Experimental program
Comparison scheme
Effect test

Embodiment 1

[0036] Preparation of 5-(4-acetylpiperazin-1-yl)-2-hydroxybenzaldehyde

[0037] Add 269g (2.8mol) of methanesulfonic acid, 88g (0.4mol) of 4-(4-acetylpiperazin-1-yl)phenol and 56g (0.4mol) of urotropine into a 2L four-necked flask, stir and heat, The temperature was raised to 110° C., and the reaction was carried out for 3 hours. After the reaction is complete, keep stirring, add 1L of water, add 1L of ethyl acetate after the addition, then pour into a separation funnel, separate the ethyl ester layer, wash with water, add anhydrous magnesium sulfate to dry, filter, recover the ethyl acetate under reduced pressure, evaporate Dry to get 50g of oil. The yield is 50%. NMR(DMSO)δ2.0(S,3H), 3.30-3.60(d,4H), 3.81(s,4H), 6.87-7.13(d,1H), 7.65-7.76(d,2H), 10.26(s , 1H, -CHO)

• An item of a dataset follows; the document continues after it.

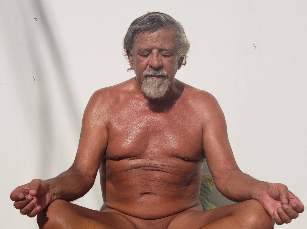 Sunbathing shifts from somewhere down the beach to a corner near the patio which is hidden from potential passersby. This is the same location as where I meditate. This is how a naturist self-isolates in Ecuador when there is a bit of outdoor private space. We are lucky as the three-house compound is empty with the exception of the two of us.

[0038] The resulting solid can be isolated by dissolving in ethanol, adding hydrochloric acid ethanol solution dropwise, and drying the corresponding hydrochloride sample.

Embodiment 2

[0040] Preparation of 5-(4-tert-butoxycarbonylpiperazin-1-yl)-2-hydroxybenzaldehyde

[0041] Add 947g (2.8mol) of polyphosphoric acid, 78g (0.28mol) of 4-(4-tert-butoxycarbonylpiperazin-1-yl)phenol and 78g (0.56mol) of urotropine into a 2L four-neck flask , stirred and heated, the temperature was raised to 90°C, and the reaction was carried out for 1 hour. After the reaction is complete, keep stirring, add 1L of water, add 1L of ethyl acetate after the addition, then pour into a separation funnel, separate the ethyl ester layer, wash with water, add anhydrous magnesium sulfate to dry, filter, recover the ethyl acetate under reduced pressure, evaporate Dry to get 38g of oil. The yield is 45%. mp84-86°C; MS306 (M+), 250 (100%), 233, 176, 164.

Embodiment 3

[0043] Preparation of 5-(4-benzylpiperazin-1-yl)-2-hydroxybenzaldehyde

[0044] Add 319g (2.8mol) of trifluoroacetic acid, 150g (0.56mol) of 4-(4-benzylpiperazin-1-yl)phenol and 78g (0.56mol) of urotropine into a 2L four-neck flask, stir and heat , heated up to 100°C, and reacted for 2 hours. After the reaction is complete, keep stirring, add 1L of water, add 1L of ethyl acetate after the addition, then pour into a separation funnel, separate the ethyl ester layer, wash with water, add anhydrous magnesium sulfate to dry, filter, recover the ethyl acetate under reduced pressure, evaporate 69g of oil was obtained after drying. The yield is 42%. mp 101-103°C; MS 296 (M+), 205, 119, 91 (100%).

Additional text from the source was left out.